▶ _TASK ITEM_
Every entry below should appear in the answer exactly as written, apart from the pictures.

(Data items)
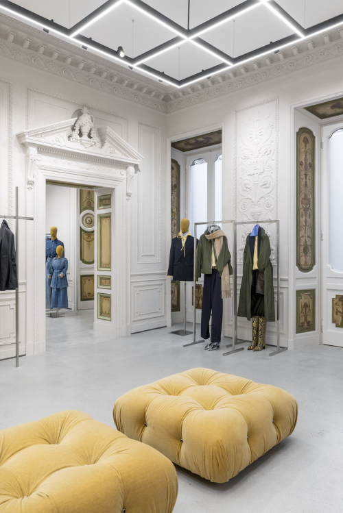作为MAX&Co. 协作精神与社群理念的具象化呈现,罗马旗舰店由多元创意团队共同构想。其设计灵感源自杂志的叙事逻辑与空间布局,通过多个主题区域营造出如翻阅杂志般的感官体验——每一处空间皆可探索、互动并激发灵感。动态化的场景设计既为当季新品提供展示空间,亦可成为特别企划与社群活动的多功能场域。
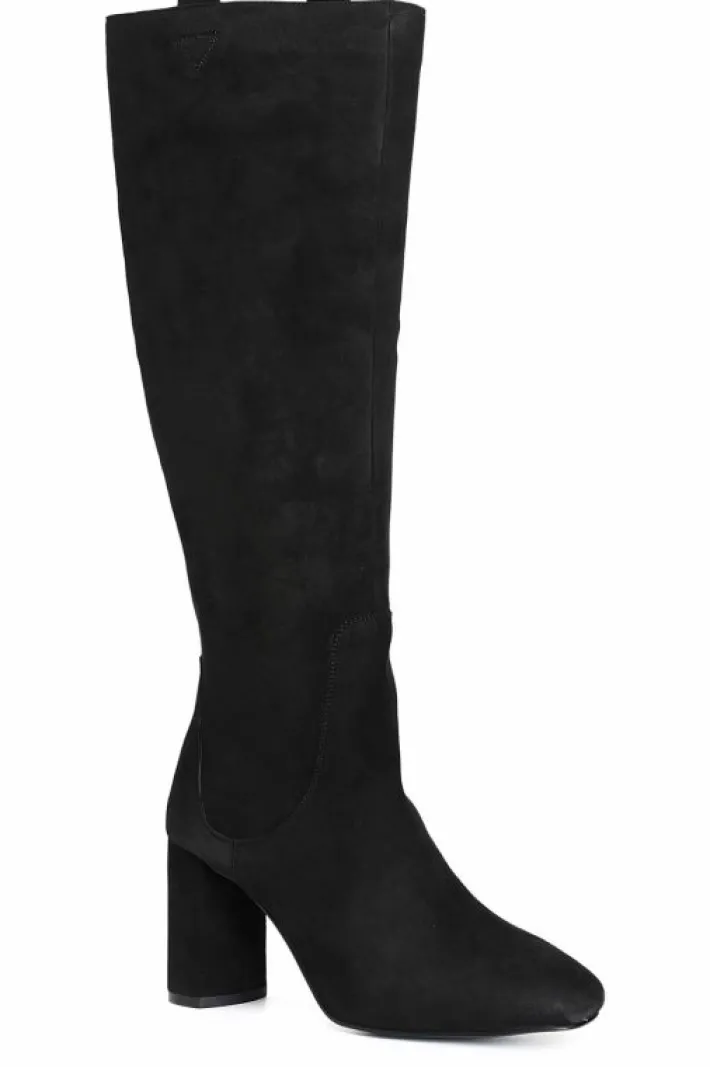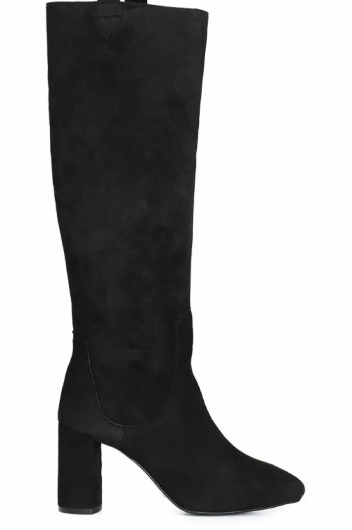 Stivale in camoscio. modello iconico dalla forma leggermente arrotondata per uno stile innovativo e raffinato. tacco alto 80 mm. il soletto è pelle.
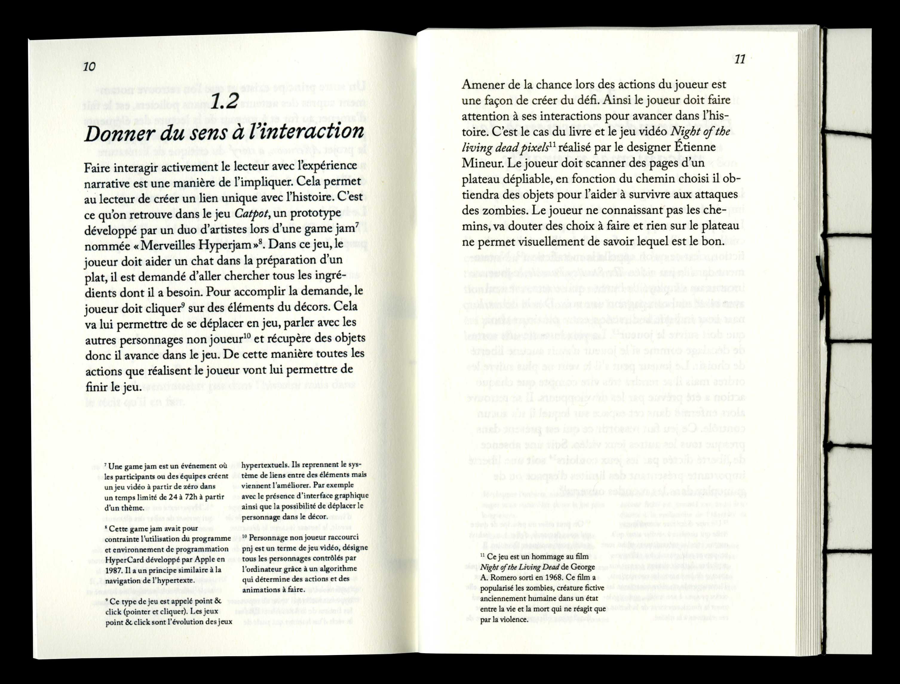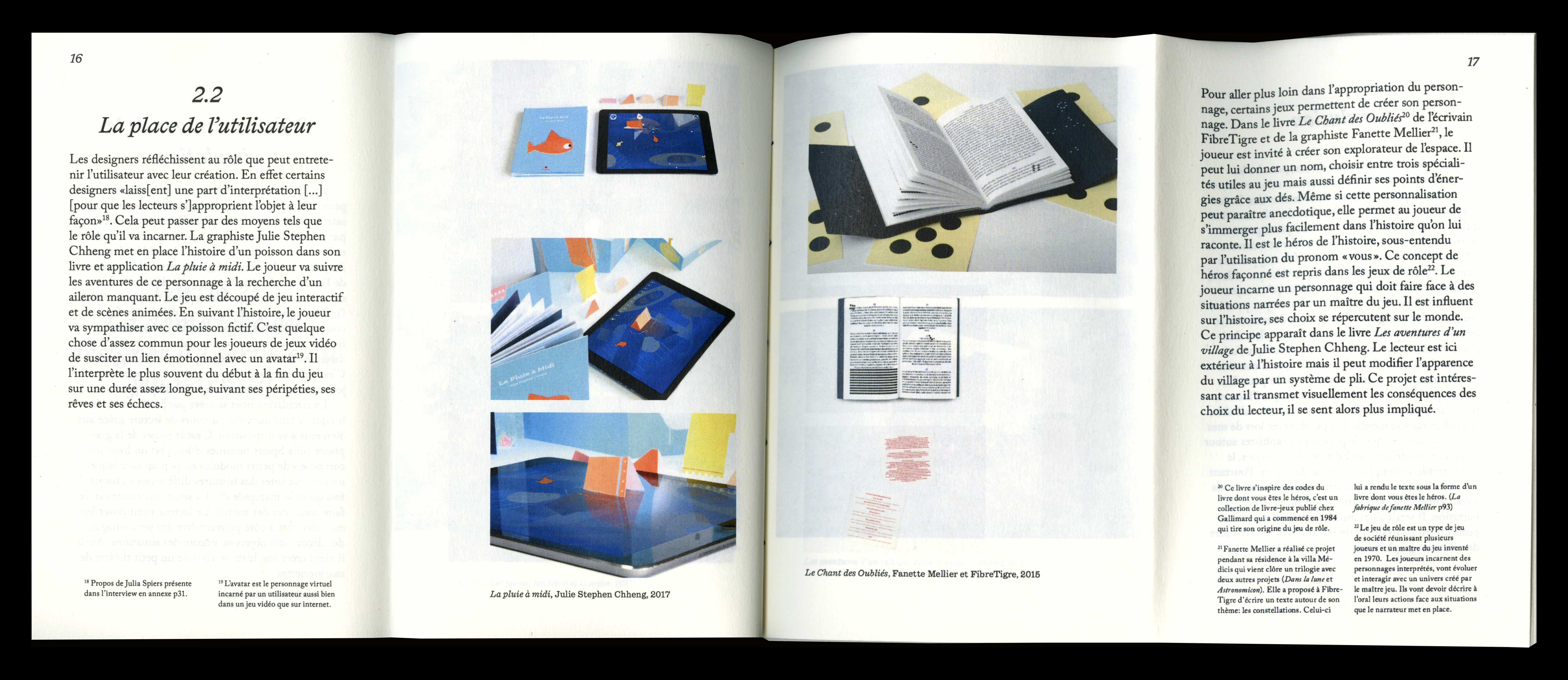 Ce mémoire explore la manière dont le jeu peut transformer le récit et comment cela influe sur la manière de concevoir des expériences narratives. J’étudie des projets imprimés, numériques ou hybrides qui apportent différentes solutions pour raconter une histoire. Je m’intéresse aussi à la démarche du designer qui s’amuse avec les normes pour créer un jeu narratif.
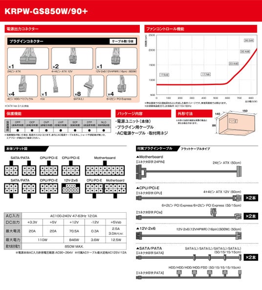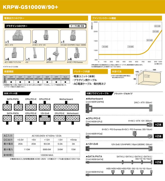 『KRPW-GSシリーズ』は、コストバランスに優れた、80PLUS GOLD認証取得のPC用ATX電源です。
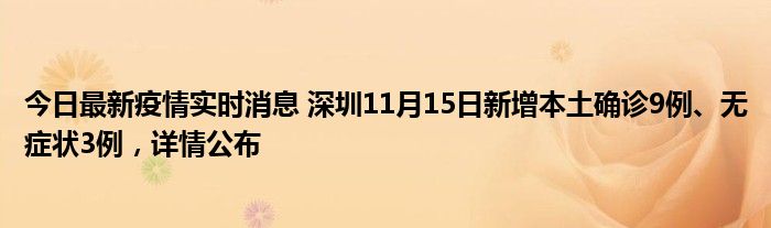 今日最新疫情实时消息 深圳11月15日新增本土确诊9例、无症状3例,详情公布
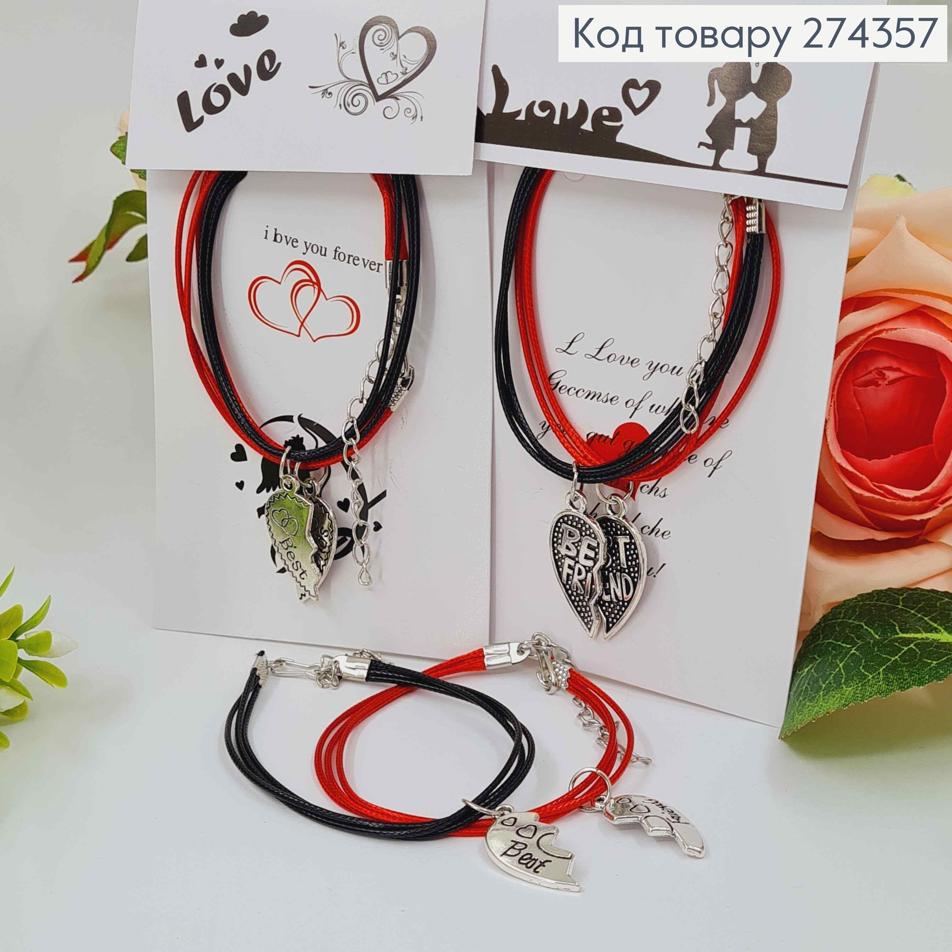 Браслет плетеный, черный/красный глянцевый, 2шт. BEST FRIENDS, в ассорт.

▶ _EXERCISE RESPONSE_
作为MAX&Co. 协作精神与社群理念的具象化呈现,罗马旗舰店由多元创意团队共同构想。其设计灵感源自杂志的叙事逻辑与空间布局,通过多个主题区域营造出如翻阅杂志般的感官体验——每一处空间皆可探索、互动并激发灵感。动态化的场景设计既为当季新品提供展示空间,亦可成为特别企划与社群活动的多功能场域。
 Stivale in camoscio. modello iconico dalla forma leggermente arrotondata per uno stile innovativo e raffinato. tacco alto 80 mm. il soletto è pelle.
 Ce mémoire explore la manière dont le jeu peut transformer le récit et comment cela influe sur la manière de concevoir des expériences narratives. J’étudie des projets imprimés, numériques ou hybrides qui apportent différentes solutions pour raconter une histoire. Je m’intéresse aussi à la démarche du designer qui s’amuse avec les normes pour créer un jeu narratif.
 『KRPW-GSシリーズ』は、コストバランスに優れた、80PLUS GOLD認証取得のPC用ATX電源です。
 今日最新疫情实时消息 深圳11月15日新增本土确诊9例、无症状3例,详情公布
 Браслет плетеный, черный/красный глянцевый, 2шт. BEST FRIENDS, в ассорт.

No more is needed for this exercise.